# How to complete this task
Each line of the records has to be copied exactly, though the pictures must be left out.

Stored items from a collection

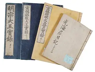 Veritable Records of Taejo of Joseon (d) Veritable Records of Hyeonjong (d) Revised Veritable Records of Hyeonjong (d) Veritable Records of Hyojong (d) Daily Records of Gwanghaegun (d) Veritable Records of Injo (d) 朝鮮王朝實錄/宣祖修正實錄 (d) Veritable Records of King Sukjong (d) Annals of King Gyeongjongdeokmun Ikmusunin Seonhyo the Great (d) Veritable Records of King Sunjo (d) 경종실록 (d) Veritable Records of Jeongjo (d) Veritable Records of Yeongjo (d) Veritable Records of Heonjong (d) Veritable Records of Seonjo (d) Veritable Records of Injong of Joseon (d) Veritable Records of Sejong (d) Veritable Records of King Munjong (d) Veritable Records of Taejong of Joseon (d) Veritable Records of Jeongjong of Joseon (d) Veritable Records of Myeongjong (d) Veritable Records of King Danjong (d) Veritable Records of Yejong of Joseon (d) Veritable Records of Jungjong of Joseon (d) Veritable Records of King Sejo (d) Daily Records of Yeonsangun (d) Veritable Records of King Seongjong (d) Veritable Records of King Cheoljong (d) |
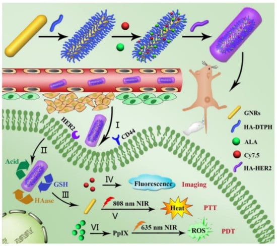 Schematic illustration for preparing GNR-HA-ALA/Cy7.5-HER2 with triple-responsive drug release and its application for HER2/CD44 dual-targeted and fluorescence imaging-guided combined PDT/ photothermal therapy (PTT) treatment of breast cancer. Reprinted with permission from reference []. Copyright 2019 Elsevier.
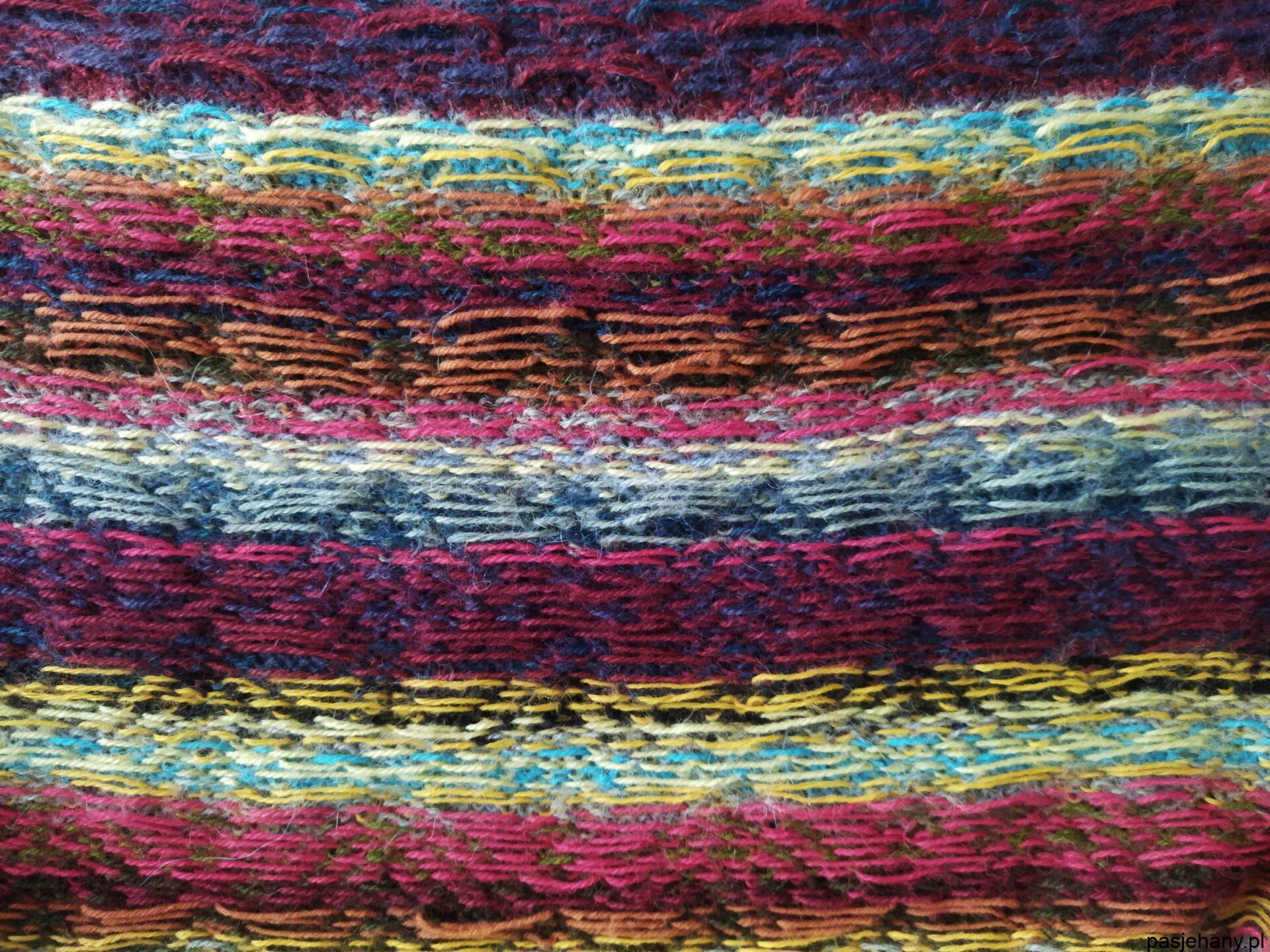Nie ma co się przerażać skomplikowaniem wzoru – bowiem w jednym rzędzie występują zawsze tylko dwa kolory, co ułatwia bardzo sprawę. Lewa strona wygląda tak –
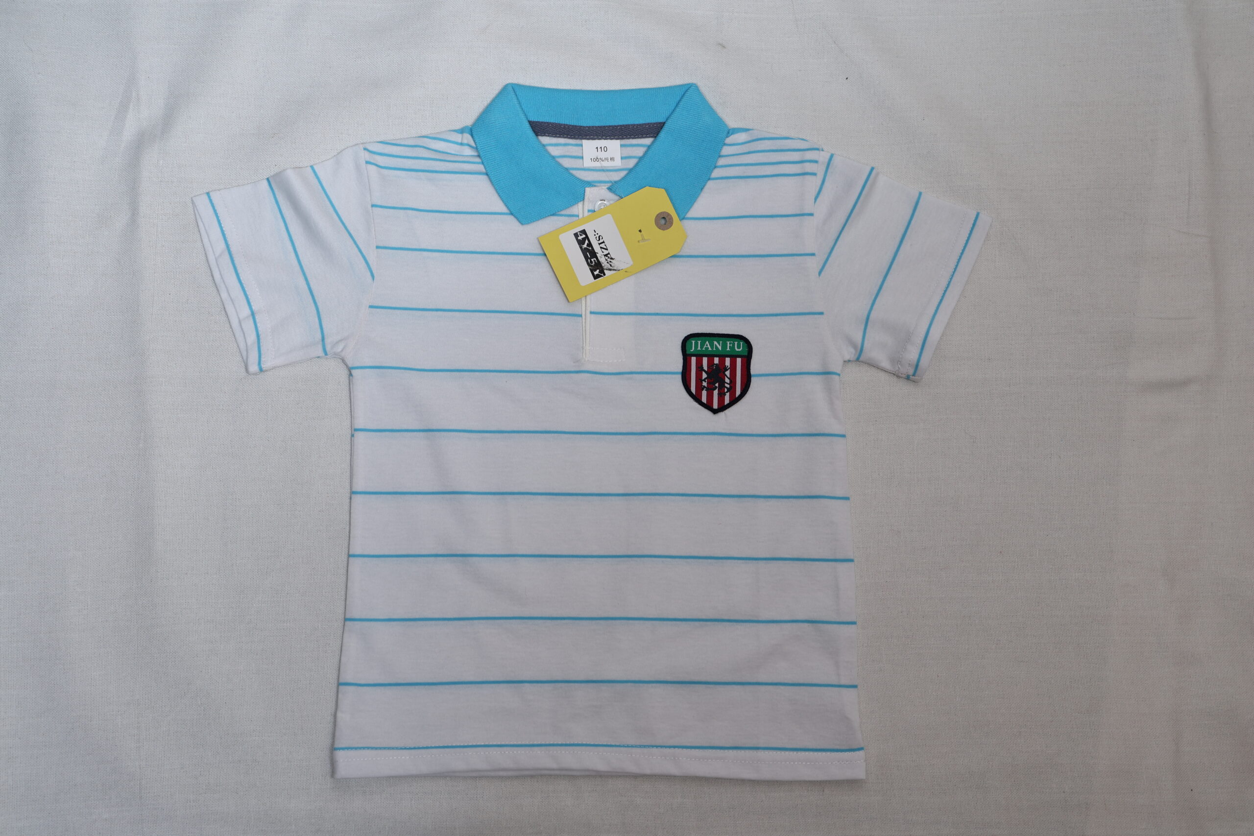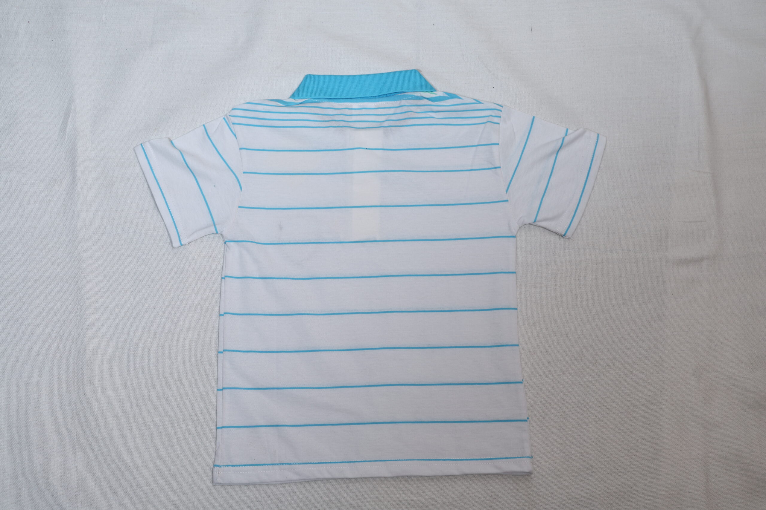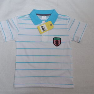 • Introducing a stylish and comfortable polo shirt designed for young boys, featuring a classic white and blue striped pattern.
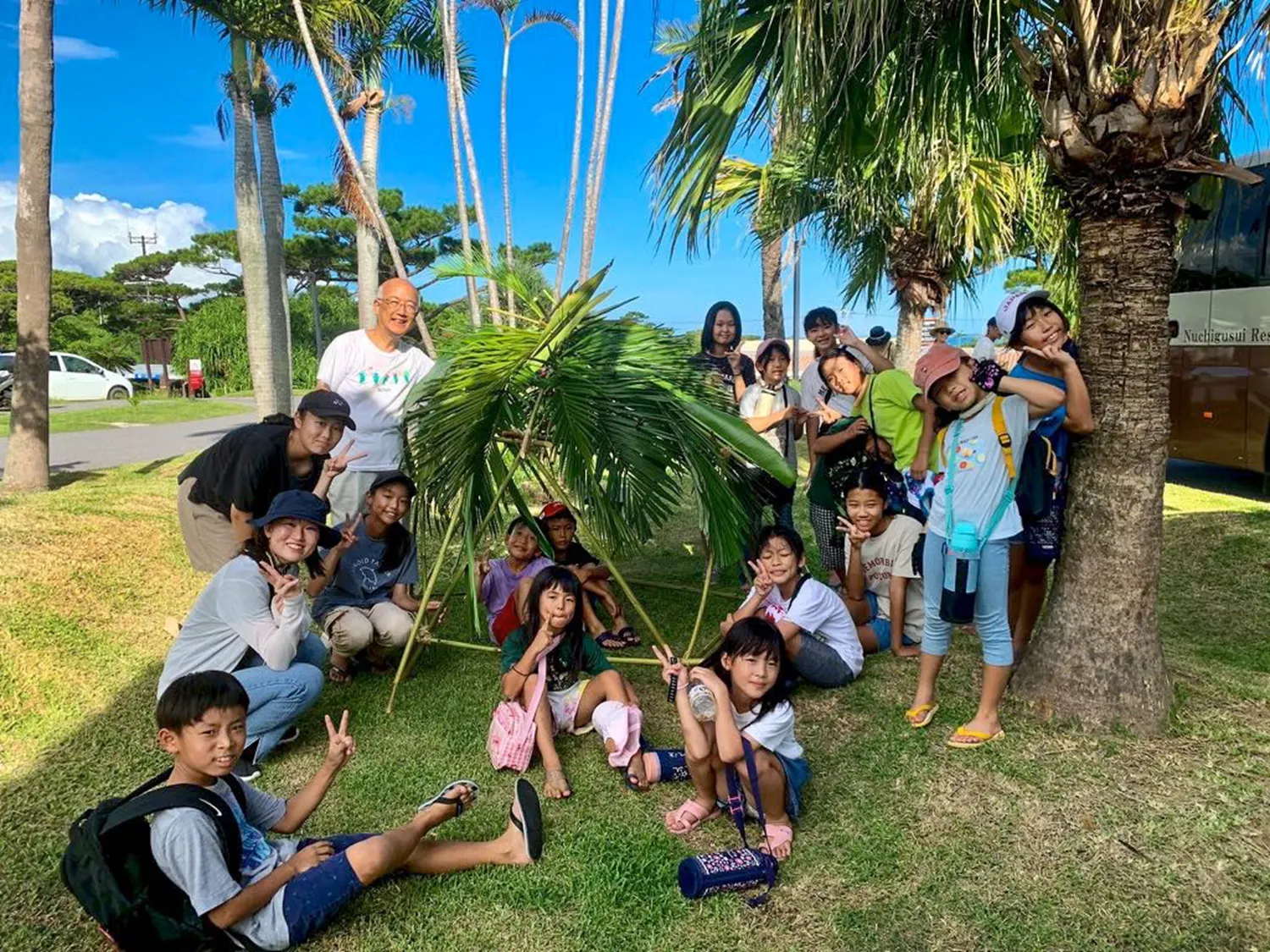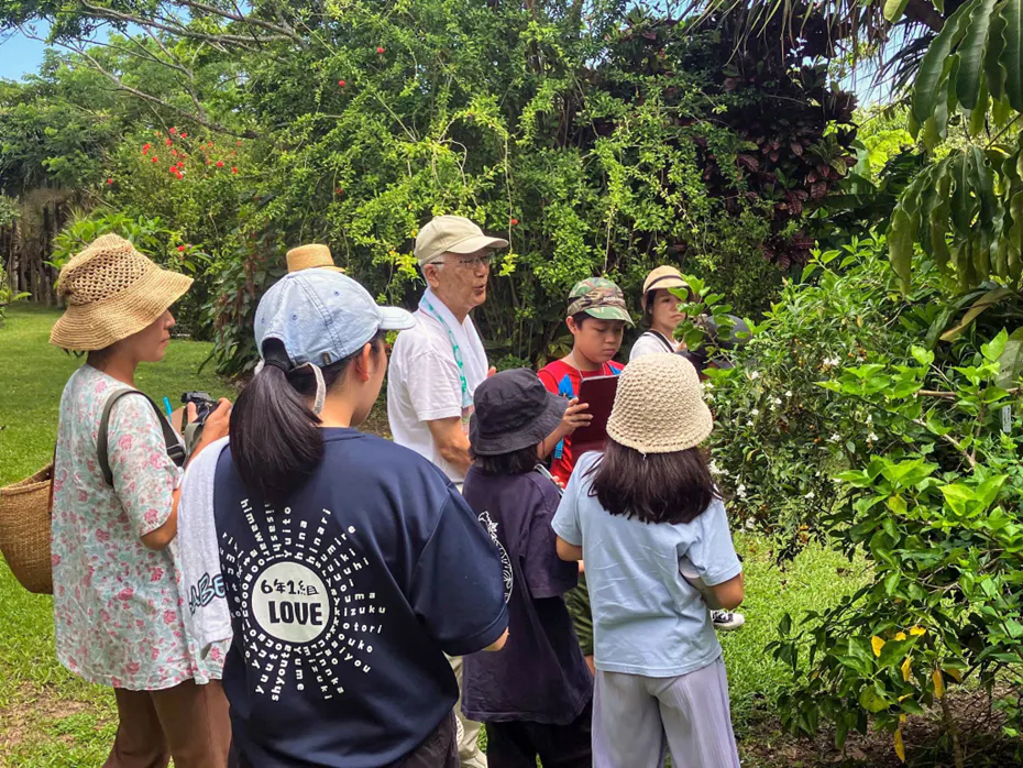 小学生から中学生を対象に、月桃を使った空間づくり のワークショップを開催しました!子どもたちは、月桃の茎を使って自分たちで構造を考えながら組み立て、おうちをつくる体験に挑戦しました。さらに、よりここちのよい空間にするために、自分たちで葉っぱを集めて屋根を作る という工程にも挑戦しました。どんな形がしっくりくるのか、どうすれば太陽を遮り快適に過ごせるのか、試行錯誤しながら進めていきました。
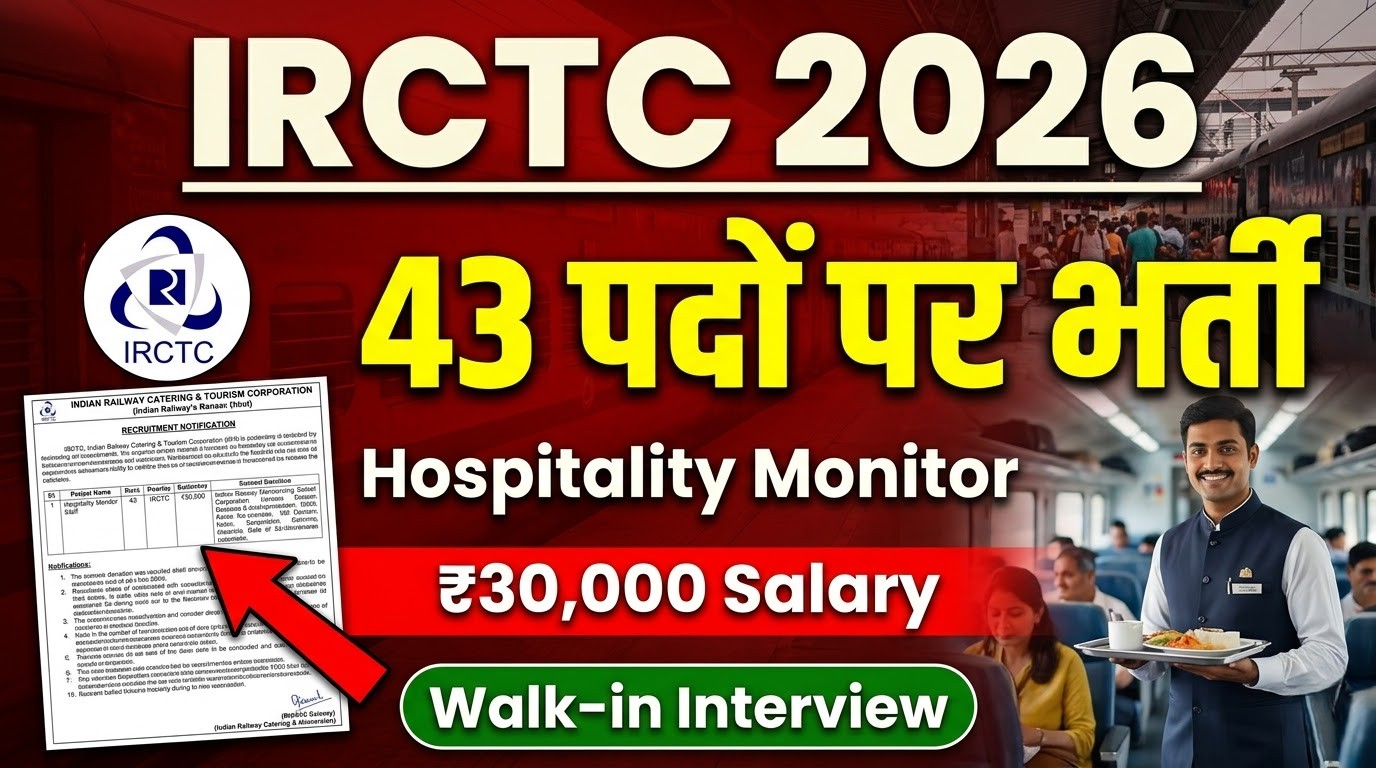 इस लेख में हम आपको IRCTC Hospitality Screens Recruitment 2026 की सारी जरूरी जानकारी देंगे। जैसे Emptiness Particulars, Eligibility Standards, Choice Course of, Remuneration, Paperwork और Stroll-in कैसे दें आदि। तो लेख को अंत तक पूरा जरूर पढ़ें। और लेख के अंत में हम आपको आवेदन फॉर्म और वेन्यू की डिटेल्स भी देंगे, ताकि आप आसानी से इंटरव्यू में शामिल हो सकें।
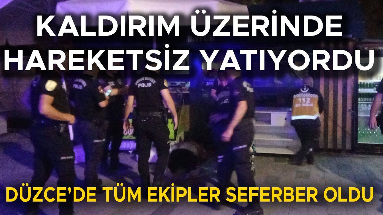 Şahsı kaldırım üzerinde hareketsiz yattığını gören çevredeki vatandaşlar, durumu Düzce 112 Acil Çağrı merkezine bildirdi.
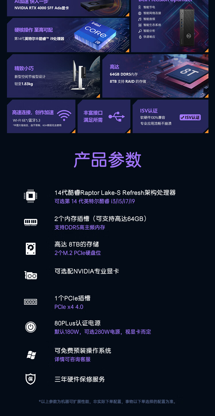 戴尔(DELL) Precision T3280塔式小型迷你图形工作站定制mini台式电脑
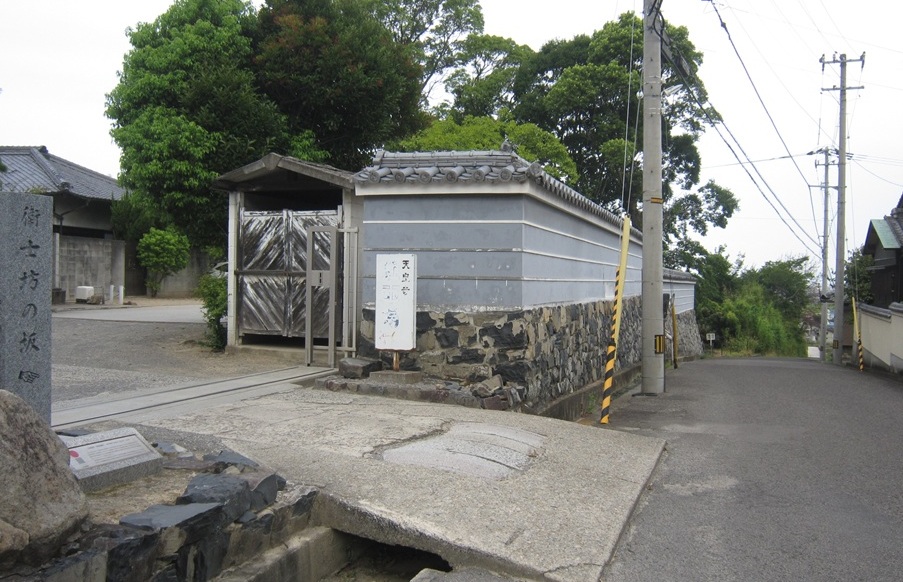 幽閉した上皇を監視するために「衛士」が海岸沿いの道(砂浜)からここに上がった「衛士坊の坂」と名が付く坂道が天皇寺の塀沿いに残っています。天皇寺の場所が衛士詰所の「坊」の跡だと伝承されています。
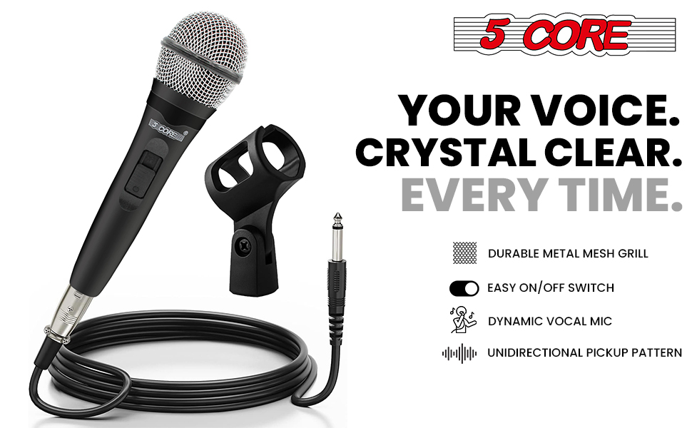 Product DescriptionExperience superior audio quality with the 5 Core cardioid karaoke microphone, designed to deliver brilliant sound reproduction while reducing noise and feedback. The wide frequency response in the dynamic microfono ensures consistent sound pickup from the source and keeps its natural form. You don't need to do a lot of equalization to get the perfect sound. This is a professional vocal microphone for singing, designed to offer you clarity and amazing sound.
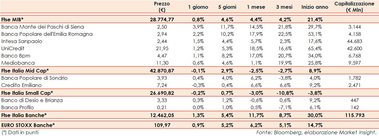 Nella seduta di ieri il Ftse Italia Banche ha riportato un +1,3% a fronte del +0,9% dell’analogo indice europeo e del +0,8% del Ftse Mib.
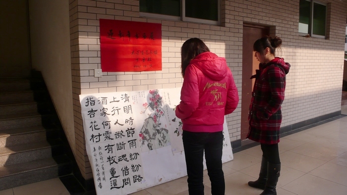 在新年来临之际,由我院大学生艺术团书画社举办的迎新年书画展于12月15日上午在明德堂南二楼拉开帷幕。
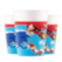 8 papieren bekers met een leuke afbeelding van Sonic the Hedgehog. De bekers zijn ca. 10 cm hoog en hebben een inhoud van ca. 200 ml. Perfect voor ranja of frisdrank tijdens een Sonic-kinderfeestje!
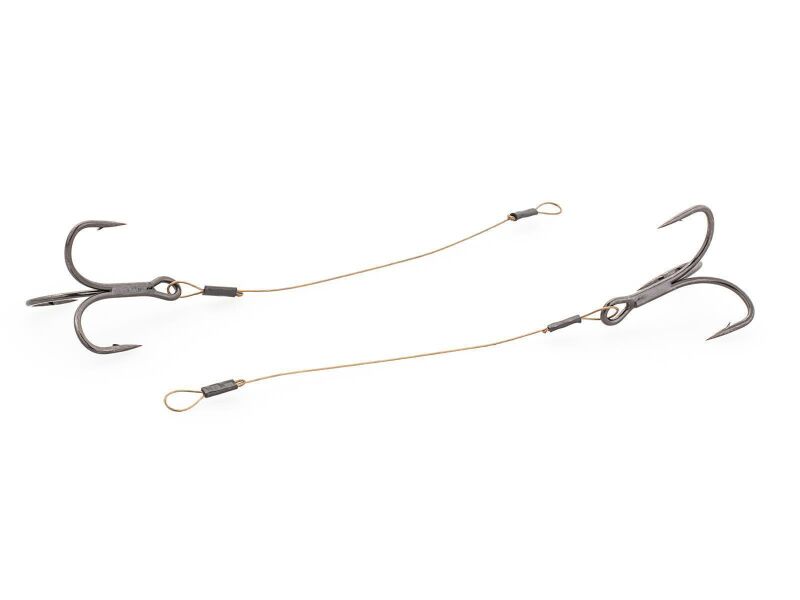 The VMC 19 Wire Stinger is a short leader designed to outfit soft lures with an additional treble hook. VMC Series 75 treble hooks and brown matt 1x19 steel leader provide a...

# Written response
 Veritable Records of Taejo of Joseon (d) Veritable Records of Hyeonjong (d) Revised Veritable Records of Hyeonjong (d) Veritable Records of Hyojong (d) Daily Records of Gwanghaegun (d) Veritable Records of Injo (d) 朝鮮王朝實錄/宣祖修正實錄 (d) Veritable Records of King Sukjong (d) Annals of King Gyeongjongdeokmun Ikmusunin Seonhyo the Great (d) Veritable Records of King Sunjo (d) 경종실록 (d) Veritable Records of Jeongjo (d) Veritable Records of Yeongjo (d) Veritable Records of Heonjong (d) Veritable Records of Seonjo (d) Veritable Records of Injong of Joseon (d) Veritable Records of Sejong (d) Veritable Records of King Munjong (d) Veritable Records of Taejong of Joseon (d) Veritable Records of Jeongjong of Joseon (d) Veritable Records of Myeongjong (d) Veritable Records of King Danjong (d) Veritable Records of Yejong of Joseon (d) Veritable Records of Jungjong of Joseon (d) Veritable Records of King Sejo (d) Daily Records of Yeonsangun (d) Veritable Records of King Seongjong (d) Veritable Records of King Cheoljong (d) |
 Schematic illustration for preparing GNR-HA-ALA/Cy7.5-HER2 with triple-responsive drug release and its application for HER2/CD44 dual-targeted and fluorescence imaging-guided combined PDT/ photothermal therapy (PTT) treatment of breast cancer. Reprinted with permission from reference []. Copyright 2019 Elsevier.
Nie ma co się przerażać skomplikowaniem wzoru – bowiem w jednym rzędzie występują zawsze tylko dwa kolory, co ułatwia bardzo sprawę. Lewa strona wygląda tak –
 • Introducing a stylish and comfortable polo shirt designed for young boys, featuring a classic white and blue striped pattern.
 小学生から中学生を対象に、月桃を使った空間づくり のワークショップを開催しました!子どもたちは、月桃の茎を使って自分たちで構造を考えながら組み立て、おうちをつくる体験に挑戦しました。さらに、よりここちのよい空間にするために、自分たちで葉っぱを集めて屋根を作る という工程にも挑戦しました。どんな形がしっくりくるのか、どうすれば太陽を遮り快適に過ごせるのか、試行錯誤しながら進めていきました。
 इस लेख में हम आपको IRCTC Hospitality Screens Recruitment 2026 की सारी जरूरी जानकारी देंगे। जैसे Emptiness Particulars, Eligibility Standards, Choice Course of, Remuneration, Paperwork और Stroll-in कैसे दें आदि। तो लेख को अंत तक पूरा जरूर पढ़ें। और लेख के अंत में हम आपको आवेदन फॉर्म और वेन्यू की डिटेल्स भी देंगे, ताकि आप आसानी से इंटरव्यू में शामिल हो सकें।
 Şahsı kaldırım üzerinde hareketsiz yattığını gören çevredeki vatandaşlar, durumu Düzce 112 Acil Çağrı merkezine bildirdi.
 戴尔(DELL) Precision T3280塔式小型迷你图形工作站定制mini台式电脑
 幽閉した上皇を監視するために「衛士」が海岸沿いの道(砂浜)からここに上がった「衛士坊の坂」と名が付く坂道が天皇寺の塀沿いに残っています。天皇寺の場所が衛士詰所の「坊」の跡だと伝承されています。
 Product DescriptionExperience superior audio quality with the 5 Core cardioid karaoke microphone, designed to deliver brilliant sound reproduction while reducing noise and feedback. The wide frequency response in the dynamic microfono ensures consistent sound pickup from the source and keeps its natural form. You don't need to do a lot of equalization to get the perfect sound. This is a professional vocal microphone for singing, designed to offer you clarity and amazing sound.
 Nella seduta di ieri il Ftse Italia Banche ha riportato un +1,3% a fronte del +0,9% dell’analogo indice europeo e del +0,8% del Ftse Mib.
 在新年来临之际,由我院大学生艺术团书画社举办的迎新年书画展于12月15日上午在明德堂南二楼拉开帷幕。
 8 papieren bekers met een leuke afbeelding van Sonic the Hedgehog. De bekers zijn ca. 10 cm hoog en hebben een inhoud van ca. 200 ml. Perfect voor ranja of frisdrank tijdens een Sonic-kinderfeestje!
 The VMC 19 Wire Stinger is a short leader designed to outfit soft lures with an additional treble hook. VMC Series 75 treble hooks and brown matt 1x19 steel leader provide a...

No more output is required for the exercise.